Пробуждение Талиты: Вскочив на постели в девять утра, затормошила Тревелера, спавшего лицом вниз, пошлепала его по заду – пусть просыпается. Тревелер протянул руку и пощекотал ей пятку, Талита навалилась на него, потянула за волосы. Тревелер, пользуясь тем, что он сильнее, зажал ее руку, пока она не запросила пощады. И – безумные, жаркие поцелуи.

– Мне приснился странный музей. Ты меня туда повел.

– Терпеть не могу онейромантии. Завари-ка мате, малышка.

– Зачем ты вставал ночью? Не пописать, когда ты встаешь пописать, то всегда сначала объясняешь мне, как глупенькой: «Пойду схожу, не могу больше терпеть», и мне тебя делается жалко, потому что я прекрасно терплю целую ночь, и даже терпеть не приходится, просто у нас с тобой разный метаболизм.

– Что?

– Скажи, зачем ты вставал. Подошел к окну и вздохнул.

– Но не выбросился.

– Дурак.

– Жарко было.

– Скажи, зачем вставал.

– Ни за чем, посмотреть, может, Орасио тоже не спит, мы бы поговорили немножко.

– Среди ночи? Вы с ним и днем-то почти не разговариваете.

– Это совсем другое дело. Как знать.

– А мне приснился ужасный музей, – сказала Талита, надевая трусики.

– Ты уже говорила, – сказал Тревелер, глядя в потолок.

– Да и мы с тобой не очень-то разговариваем теперь, – сказала Талита.

– Верно.
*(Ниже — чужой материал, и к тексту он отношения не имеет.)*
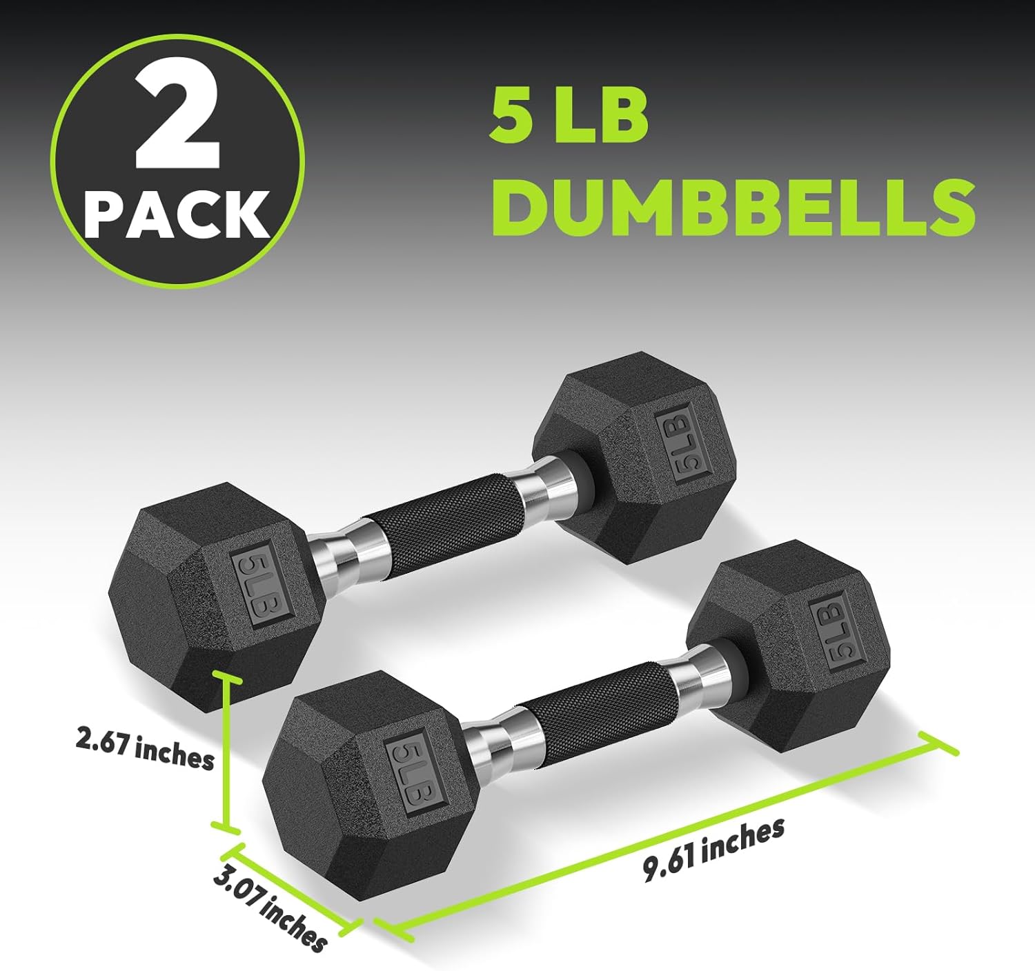 - Premium Construction & Durability: Includes a pair of 5 lb dumbbells made from solid cast iron and encased in high-quality virgin rubber, these dumbbells resist cracking, fading, and protect both floors and equipment.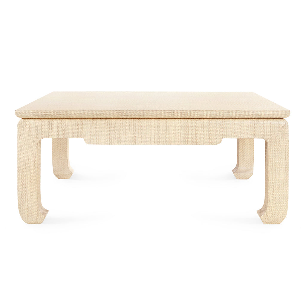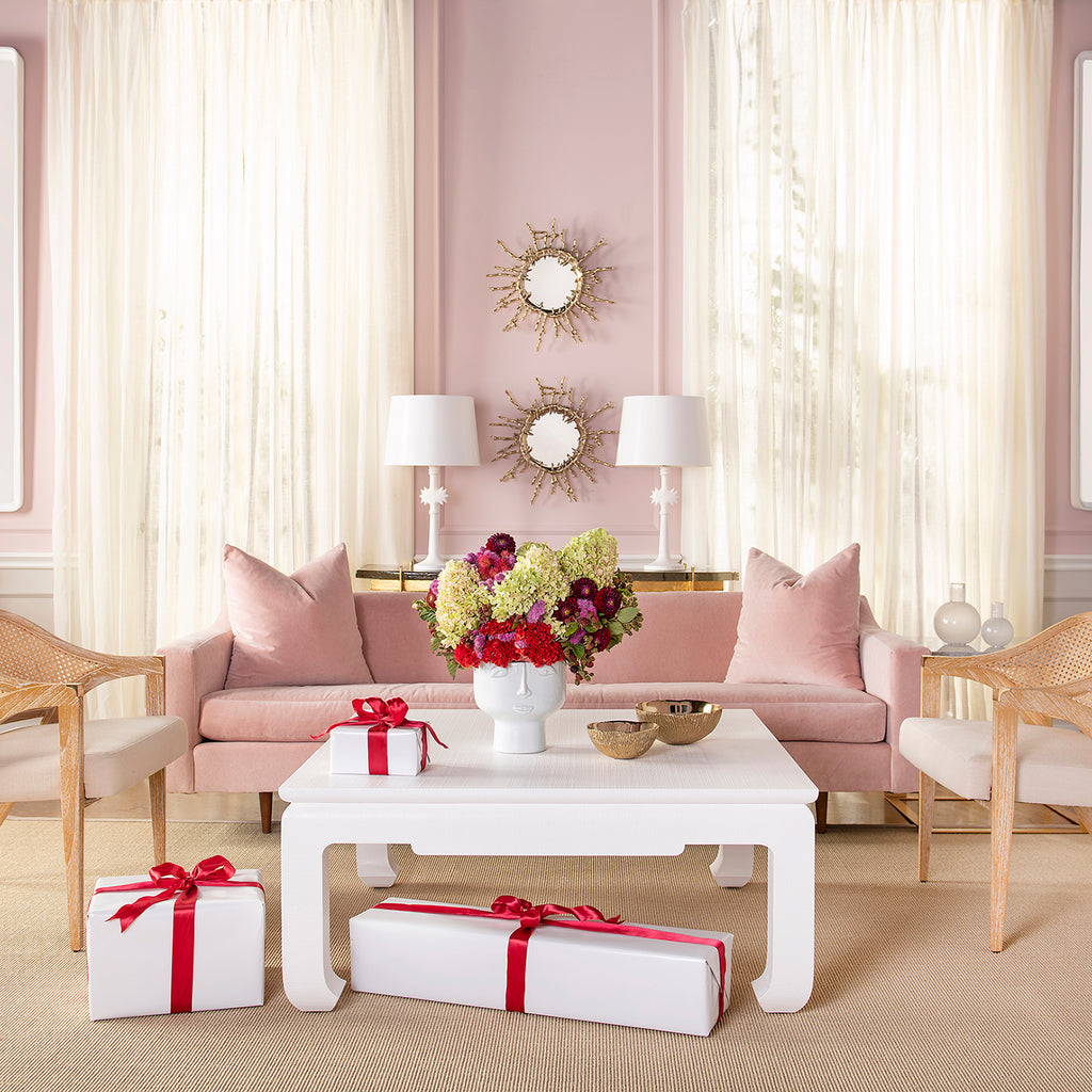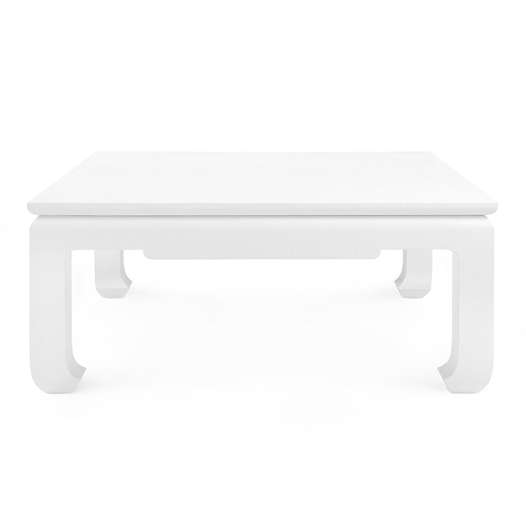 With new proportions and thicker chow feet legs, the Bethany Square Coffee Table from V&H is a substantial piece. Finished in a textural, heavy lacquered linen or grasscloth, the Bethany has a chunky appearance that almost reads like plaster. This table is best used with a sectional or corner sofa, as its equal sides and 90-degree angles tuck into tight spaces better than a rectangle. The Bethany coffee table—which comes in a white or natural color—is equally welcomed as a neutral moment in a beachy, coastal room like a pool house or as the centerpiece of a casual, brightly colored sunroom. A pared-down version of modern Asian flair, the Bethany Collection is significant in a room and packs a major punch.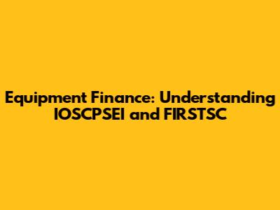 Equipment Finance: Understanding IOSCPSEI And FIRSTSC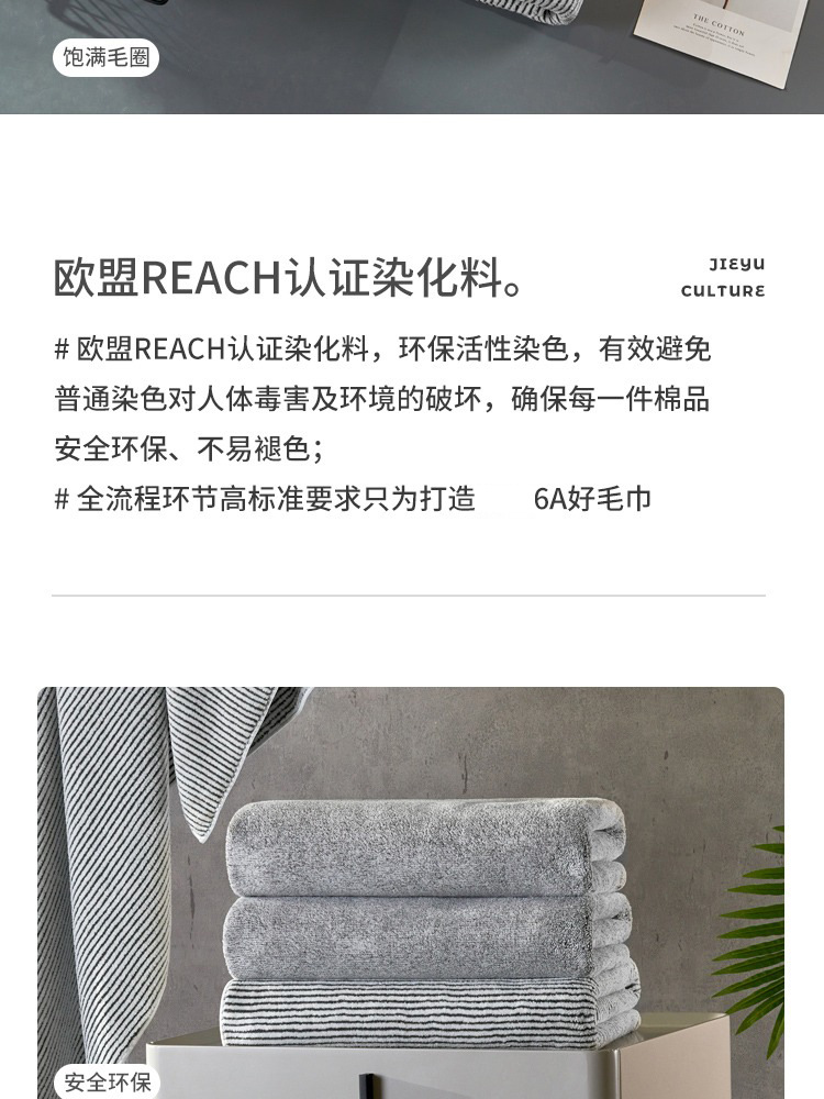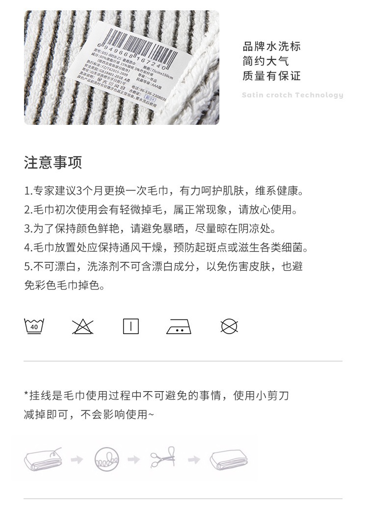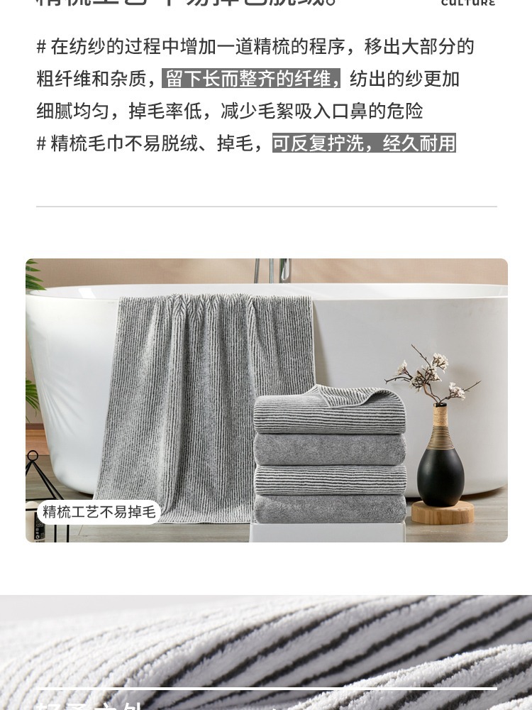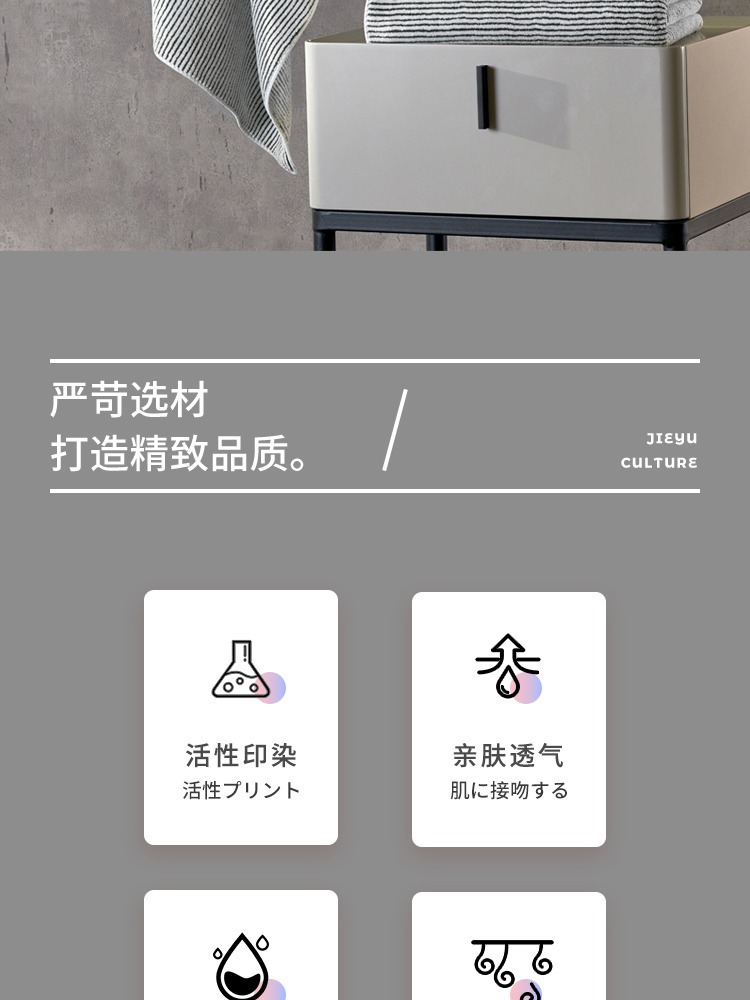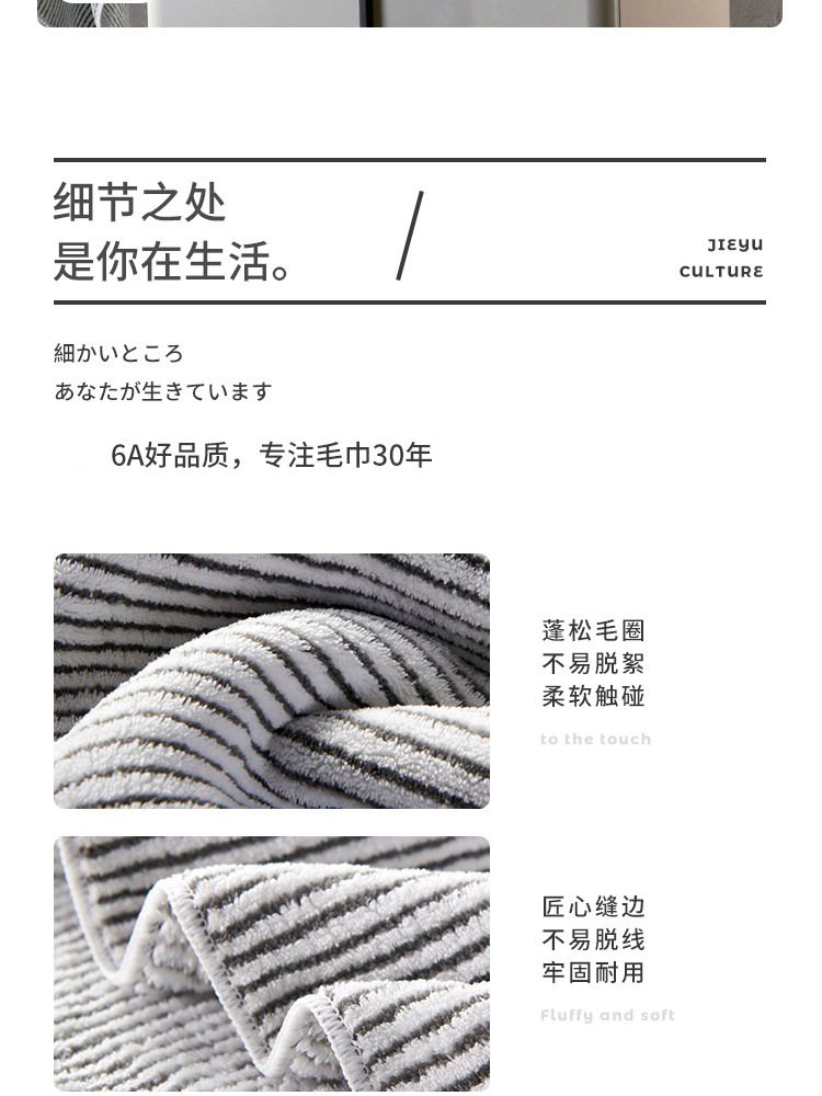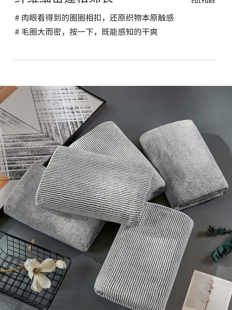• 줄무늬 회색 목욕 타월 "대나무 숯 항균" (70x140cm)

Это от влажности.

– И кажется, будто говорим не мы, а кто-то еще, будто кто-то пользуется нами, чтобы говорить. У тебя нет такого ощущения? Как будто в нас кто-то поселился? Я хочу сказать, что… Нет, это и в самом деле очень трудно.

– Скорее переселился в нас. Но не будет же это продолжаться вечно. «Не печалься, Каталина, — пропел Тревелер, – время лучшее настанет, я куплю тебе буфет».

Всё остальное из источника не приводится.